"You're right for the first time tonight. God, how I hate women!"
"Sally, you don't really know how to open safes, do you?" asked Helen, forgetting her troubles in surprise.
"No, not offhand. I should have to look it up. Of course, I know about soup."
"What sort of soup?" inquired Neville. "If we're going to talk gastronomy I can be quite intelligent, though seldom inspired."
"Ass. Not that kind of soup. The stuff you blow open safes with. I forget exactly what it's made of, but it's an explosive of sorts."
"Is it really?" said Neville. "What lovely fun! Won't it go big with the policeman in the hall?"
"I wasn't thinking of using it, even if I knew how to make it, which I don't."
"That must be your weak woman's nature breaking through the crust, darling. Get the better of it, and don't stop at the safe. Blow the whole house up, thus eliminating the policeman."
"Have a good laugh," said Sally. "After all, you aren't in this jam, are you?" She got up, and began to stride about the room. "Well, let's face it!

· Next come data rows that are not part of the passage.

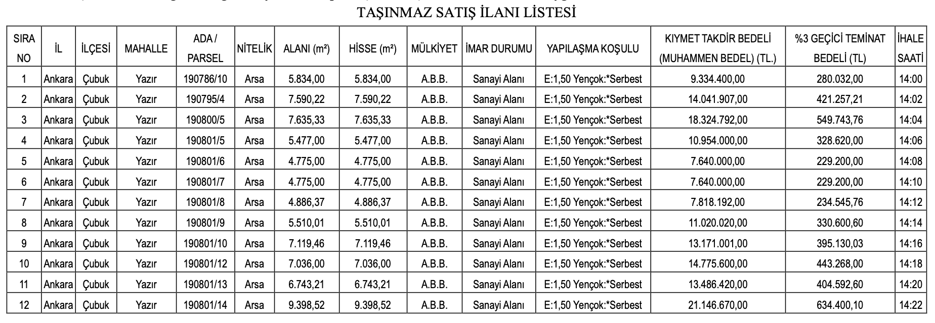 Sanayi alanı imarlı arsaların muhammen bedelleri 7 milyon 467 bin 120 TL ile 21 milyon 146 bin 670 TL arasında, konutların muhammen bedelleri 9 milyon TL ile 17 milyon 750 bin TL arasında değişirken, mağazaların muhammen bedelleri 1 milyon 100 bin TL ve 1 milyon 250 bin TL olarak açıklandı.
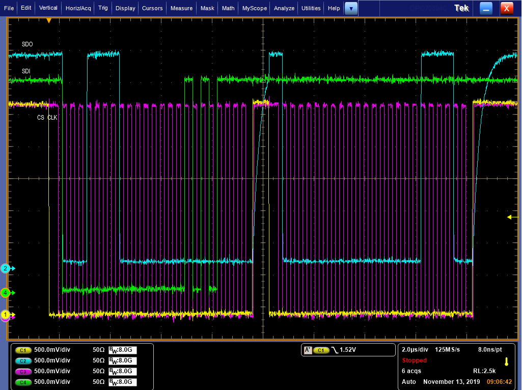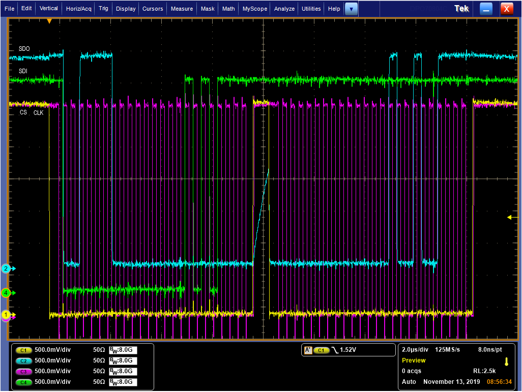 我已经尝试了4mA/8mA (默认值)/12mA、只有4mA 在我的5个测试 DAC8734芯片中都很好、在8mA 中、第三个芯片访问失败、12mA、第一个失败。 我有4mA 的 SCK 波形:
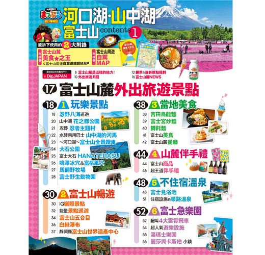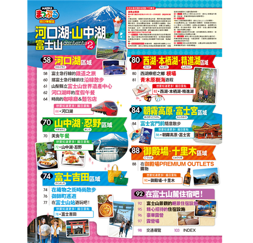 富士山麓是日本代表性的觀光勝地兼知名度假區,本書以富士山為中心把周邊分成6個區域,分別是「河口湖區域」、「山中湖和忍野區域」、「富士吉田區域」、「西湖‧本栖湖‧精進湖區域」、「朝霧高原、富士宮」、「御殿場、十里木區域」區域,並依照旅遊目的細心介紹各大景點和活動,請根據自己的喜好安排行程吧!
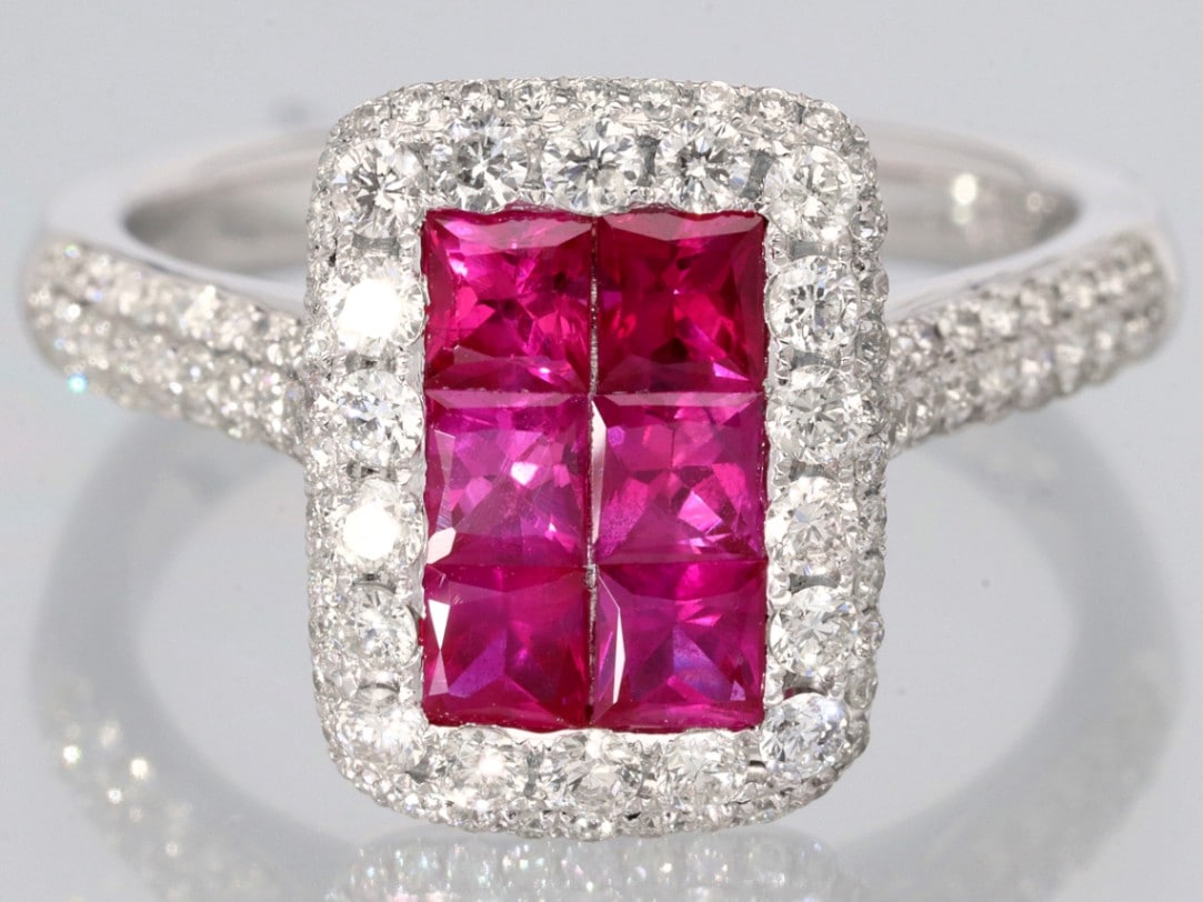 【1点物】鑑別書付き★世界四大宝石★K18WG★1.15ct★プリンセスカット★天然石リング・指輪/天然ルビー・天然ダイヤモンド(...
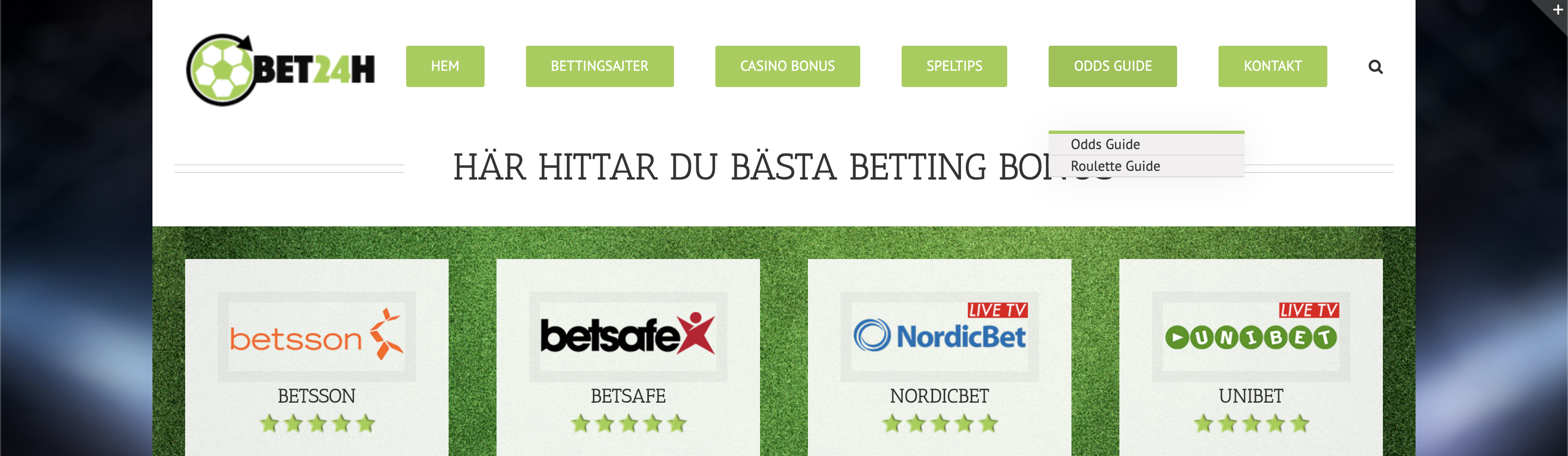 Här har vi en äkta legend på marknaden. Bet24h.se som kombinerar både casino och betting på nätet. Välj bland dina favoriter när det kommer till Svenska spelbolag som erbjuder betting och casino. Till Svenska spelare! Här kan du läsa recensioner om casinosajter och bettingsajter, betting tips, guider, och annan bra information att veta när du spelar på internet.
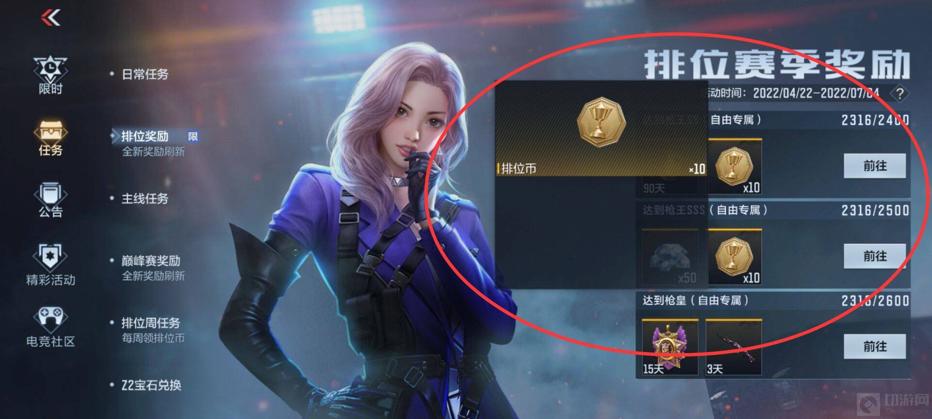 2. 还可以通过每周排位任务完成相应的任务可以获得30个排位币。
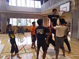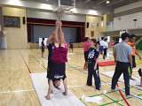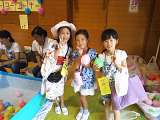 体育館では、竹とんぼ、草笛、ヨーヨー釣りが行われました。竹とんぼは、手をすり合...
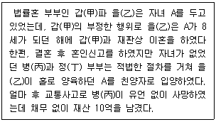병(丙)의 사망으로 법정 상속 순위에 따라 정(丁)이 단독 상속하게 된다.
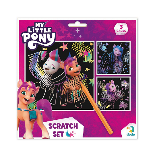 Škrabací obrázek, kde perem šeškrábete dle linek kresbu s motivem My little pony. Dítě nakonec získá obrázek, kterým si může vyzdobit pokojíček, přičemž samo získá mnoho potřebných dovedností, jako je pozornost, trpělivost, opatrnost a přispěje k rozvoji tvořivého talentu a motoriky. V balení jsou tři obrázky. Velikost obrázku: 20 x 20 cm Vhodné pro děti od 5 let
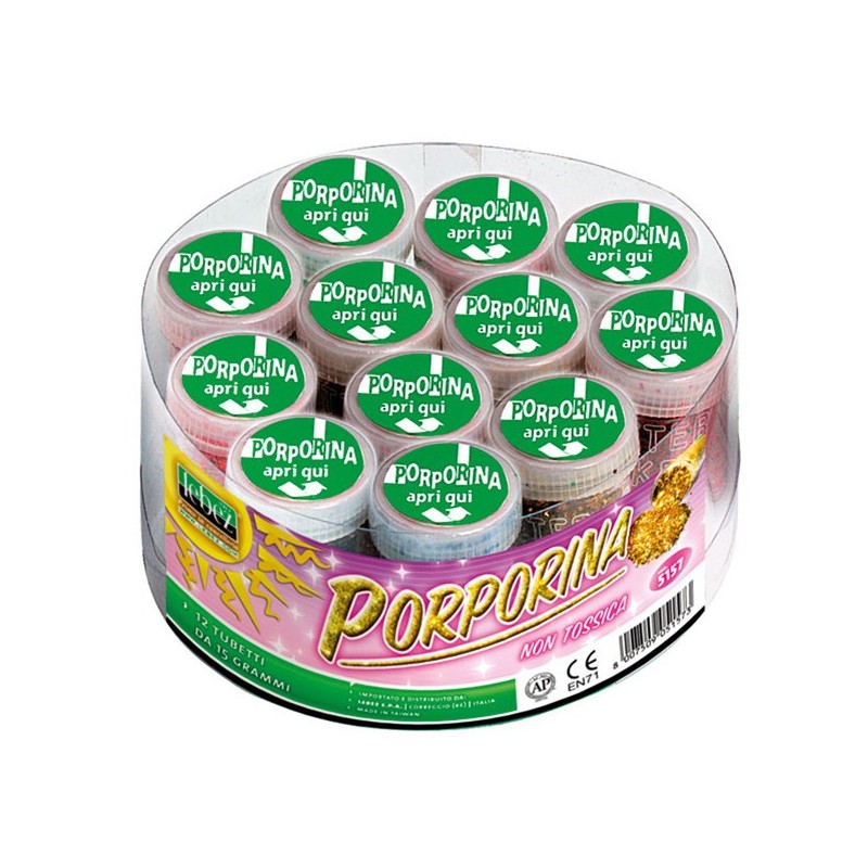 Barattolo contenente 12 tubetti da 15gr di glitter nei colori oro, argento rosso e blu.
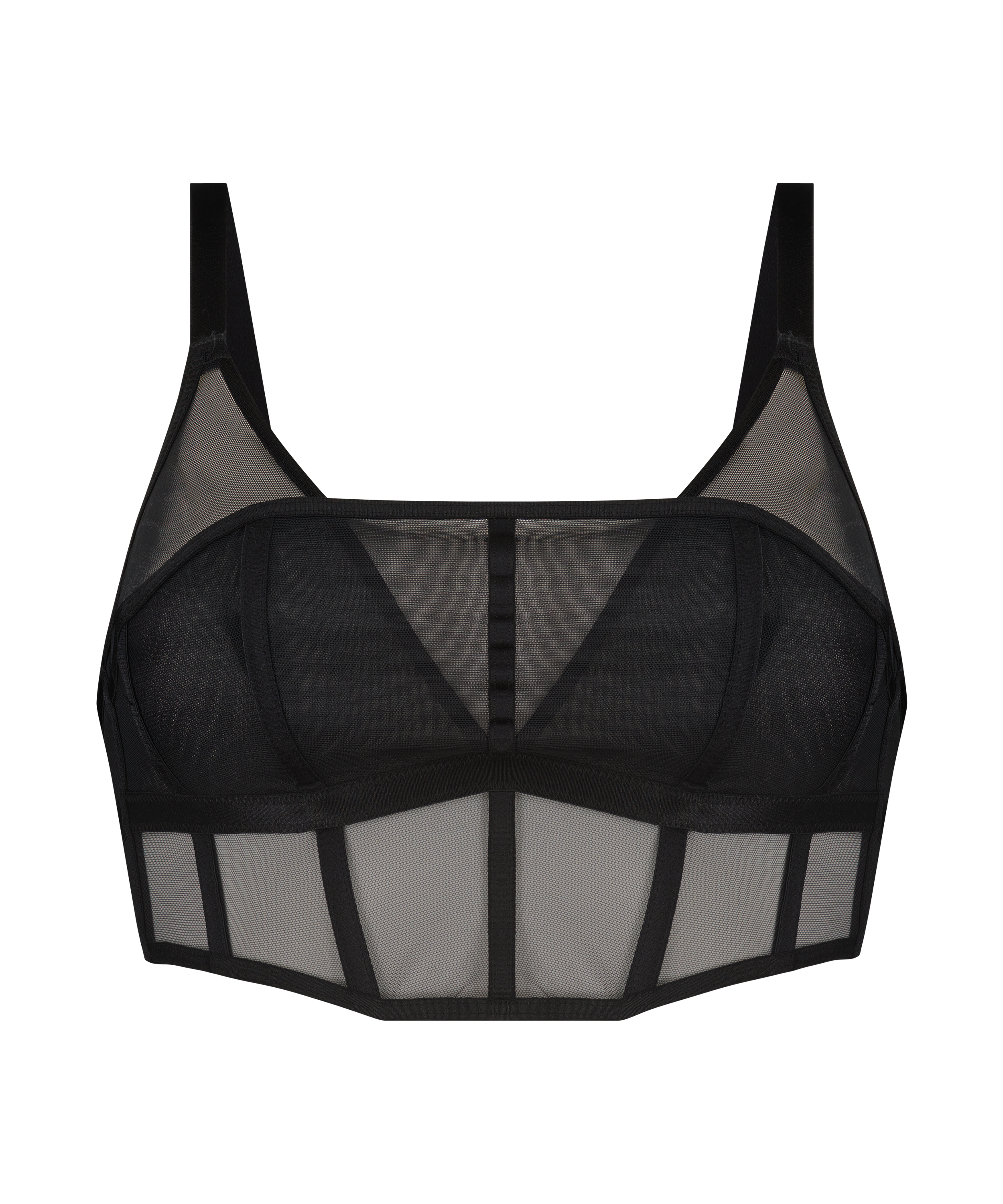 ¡Siéntete cómoda y femenina con este top! Hecha con material de malla para crear un look semitransparente. El top tiene un corte largo para mayor comodidad. ¡Se puede combinar con las braguitas a juego!

We can't open the safe, and we don't know how to get by the policeman. In fact, we're futile. But if I created this situation in a book I could think of something for the book-me to do. Why the devil can't I think of something now?"
Neville betrayed a faint interest. "If we were in one of your books, we should all of us have much more nerve than we really have, to start with."